Extracted entries:
==================================================

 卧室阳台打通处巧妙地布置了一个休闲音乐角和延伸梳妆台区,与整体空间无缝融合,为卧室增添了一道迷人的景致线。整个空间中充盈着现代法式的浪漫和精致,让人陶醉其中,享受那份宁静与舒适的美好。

==================================================

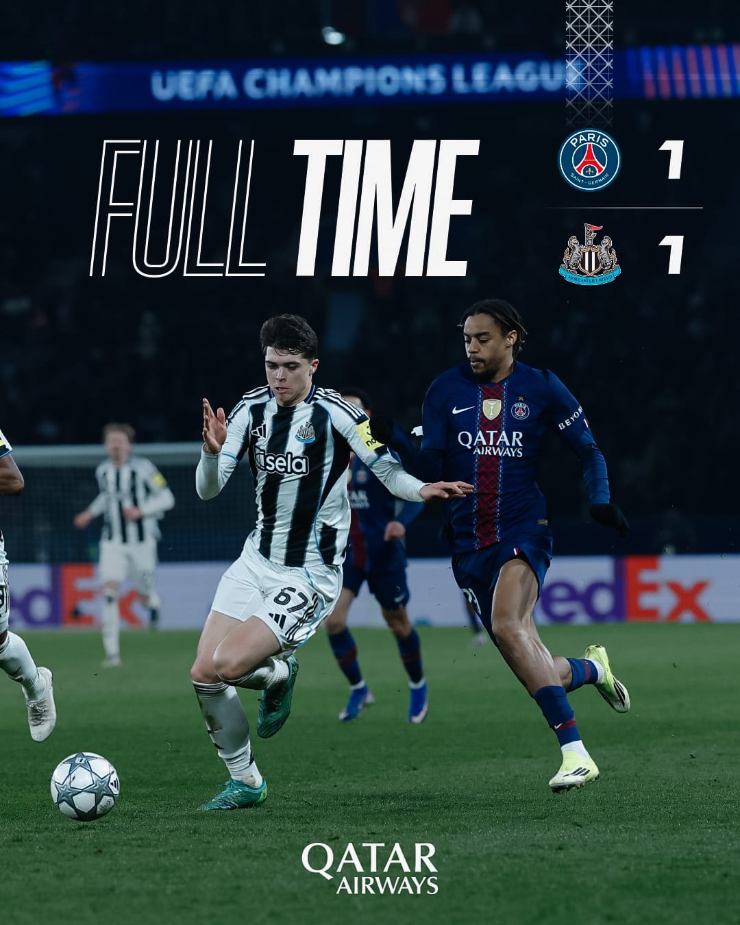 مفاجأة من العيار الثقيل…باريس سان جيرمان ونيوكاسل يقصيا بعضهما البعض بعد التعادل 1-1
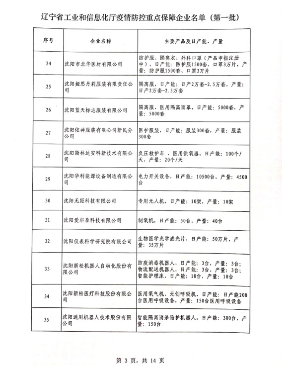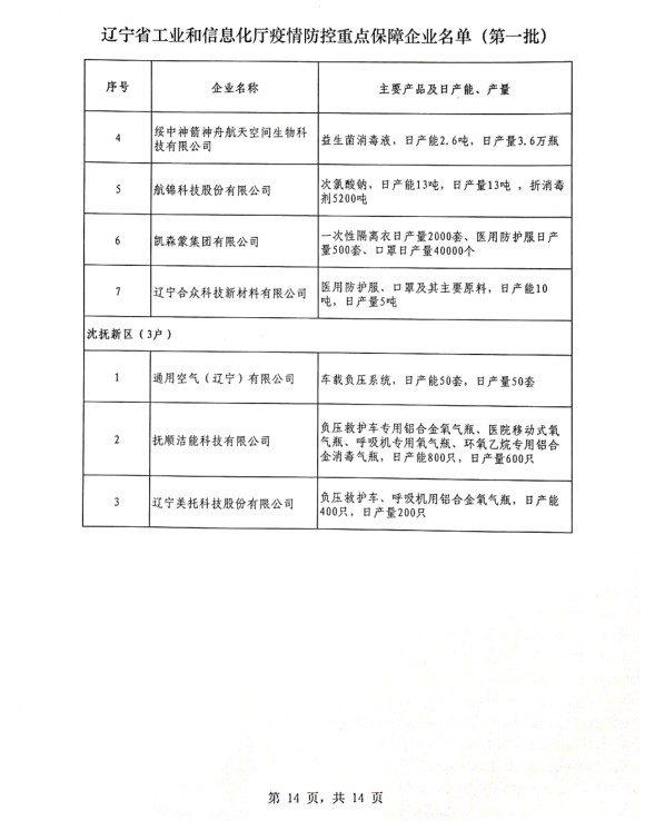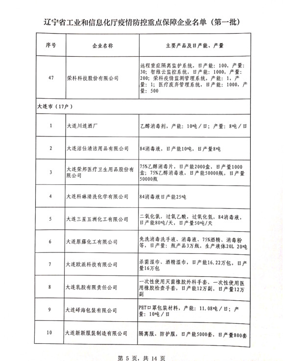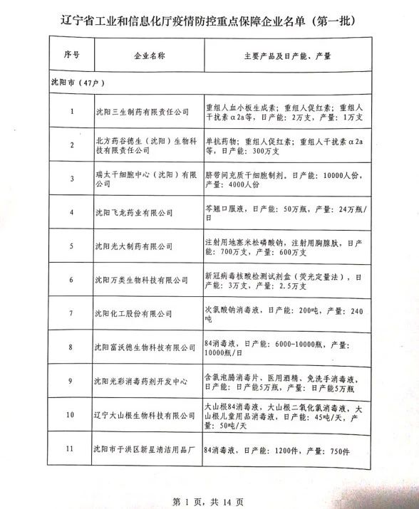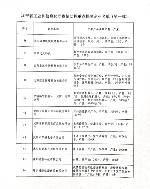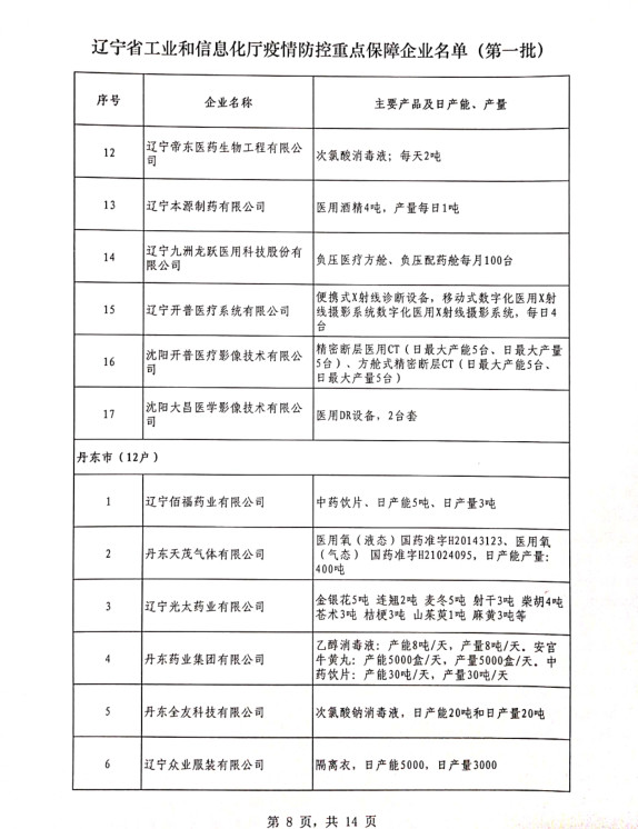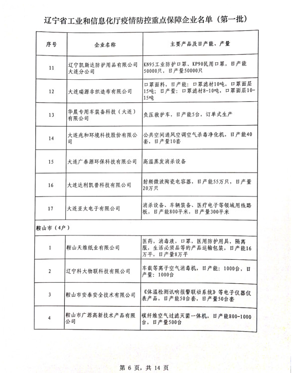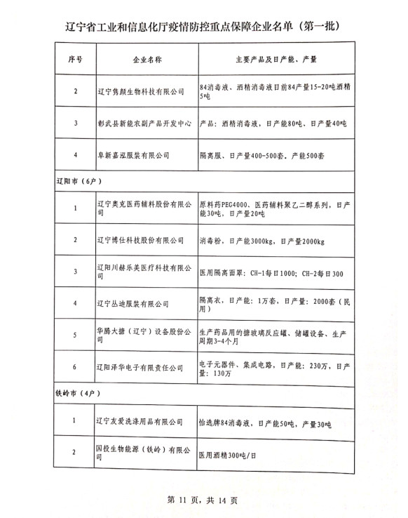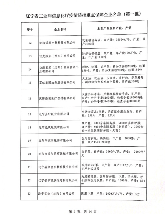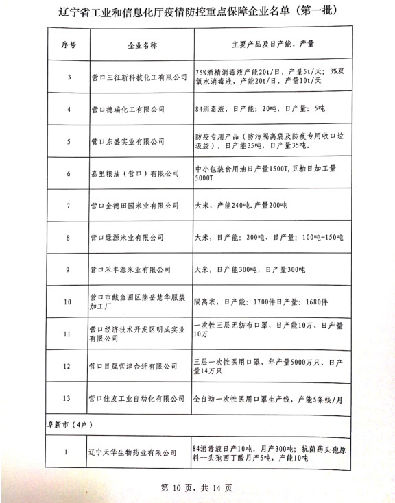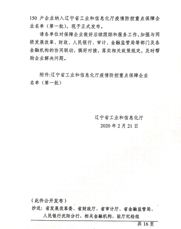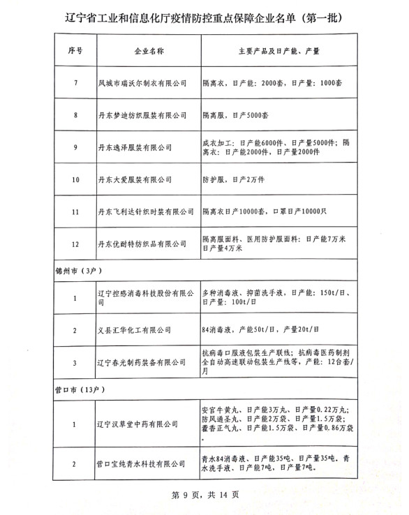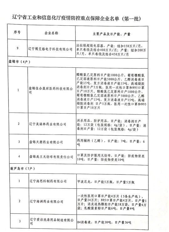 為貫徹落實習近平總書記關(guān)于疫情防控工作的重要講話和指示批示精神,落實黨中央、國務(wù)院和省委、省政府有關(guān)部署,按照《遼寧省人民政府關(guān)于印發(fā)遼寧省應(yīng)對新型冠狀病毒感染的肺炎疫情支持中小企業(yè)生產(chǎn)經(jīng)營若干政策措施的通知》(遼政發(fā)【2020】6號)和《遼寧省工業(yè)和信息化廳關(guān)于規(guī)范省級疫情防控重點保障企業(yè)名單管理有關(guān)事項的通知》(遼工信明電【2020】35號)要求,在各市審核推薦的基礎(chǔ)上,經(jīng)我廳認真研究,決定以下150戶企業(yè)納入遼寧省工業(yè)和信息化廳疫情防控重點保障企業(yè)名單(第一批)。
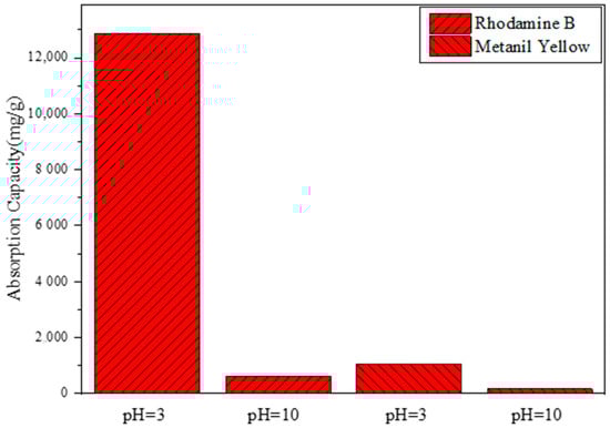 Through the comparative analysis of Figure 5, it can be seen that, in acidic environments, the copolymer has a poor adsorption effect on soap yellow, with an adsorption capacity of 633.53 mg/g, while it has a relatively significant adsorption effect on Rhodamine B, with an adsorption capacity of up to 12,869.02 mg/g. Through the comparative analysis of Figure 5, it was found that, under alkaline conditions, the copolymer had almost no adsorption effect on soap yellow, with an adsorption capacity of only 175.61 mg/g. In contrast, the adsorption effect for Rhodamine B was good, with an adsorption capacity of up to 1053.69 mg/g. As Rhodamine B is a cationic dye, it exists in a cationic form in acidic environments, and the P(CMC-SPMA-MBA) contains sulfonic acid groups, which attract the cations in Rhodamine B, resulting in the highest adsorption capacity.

==================================================

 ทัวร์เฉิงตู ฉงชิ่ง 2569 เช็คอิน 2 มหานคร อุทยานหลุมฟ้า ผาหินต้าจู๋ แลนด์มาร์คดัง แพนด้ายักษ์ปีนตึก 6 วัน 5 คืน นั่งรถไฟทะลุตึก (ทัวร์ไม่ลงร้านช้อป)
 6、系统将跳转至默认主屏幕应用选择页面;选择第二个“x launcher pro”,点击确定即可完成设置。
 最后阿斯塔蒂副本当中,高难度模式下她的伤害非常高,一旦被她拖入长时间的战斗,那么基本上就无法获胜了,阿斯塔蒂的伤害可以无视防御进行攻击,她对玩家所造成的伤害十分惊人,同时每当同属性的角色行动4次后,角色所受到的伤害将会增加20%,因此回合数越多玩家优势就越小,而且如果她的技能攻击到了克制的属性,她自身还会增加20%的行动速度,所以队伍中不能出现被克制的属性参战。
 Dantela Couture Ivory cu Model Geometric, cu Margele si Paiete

==================================================

Task details: Above are records; write out the lines from the one with "مفاجأة من العيار" down to the one with "Through the comparative analysis of Figure 5, it can", exactly, leaving the pictures out.

Answer space:
 مفاجأة من العيار الثقيل…باريس سان جيرمان ونيوكاسل يقصيا بعضهما البعض بعد التعادل 1-1
 為貫徹落實習近平總書記關(guān)于疫情防控工作的重要講話和指示批示精神,落實黨中央、國務(wù)院和省委、省政府有關(guān)部署,按照《遼寧省人民政府關(guān)于印發(fā)遼寧省應(yīng)對新型冠狀病毒感染的肺炎疫情支持中小企業(yè)生產(chǎn)經(jīng)營若干政策措施的通知》(遼政發(fā)【2020】6號)和《遼寧省工業(yè)和信息化廳關(guān)于規(guī)范省級疫情防控重點保障企業(yè)名單管理有關(guān)事項的通知》(遼工信明電【2020】35號)要求,在各市審核推薦的基礎(chǔ)上,經(jīng)我廳認真研究,決定以下150戶企業(yè)納入遼寧省工業(yè)和信息化廳疫情防控重點保障企業(yè)名單(第一批)。
 Through the comparative analysis of Figure 5, it can be seen that, in acidic environments, the copolymer has a poor adsorption effect on soap yellow, with an adsorption capacity of 633.53 mg/g, while it has a relatively significant adsorption effect on Rhodamine B, with an adsorption capacity of up to 12,869.02 mg/g. Through the comparative analysis of Figure 5, it was found that, under alkaline conditions, the copolymer had almost no adsorption effect on soap yellow, with an adsorption capacity of only 175.61 mg/g. In contrast, the adsorption effect for Rhodamine B was good, with an adsorption capacity of up to 1053.69 mg/g. As Rhodamine B is a cationic dye, it exists in a cationic form in acidic environments, and the P(CMC-SPMA-MBA) contains sulfonic acid groups, which attract the cations in Rhodamine B, resulting in the highest adsorption capacity.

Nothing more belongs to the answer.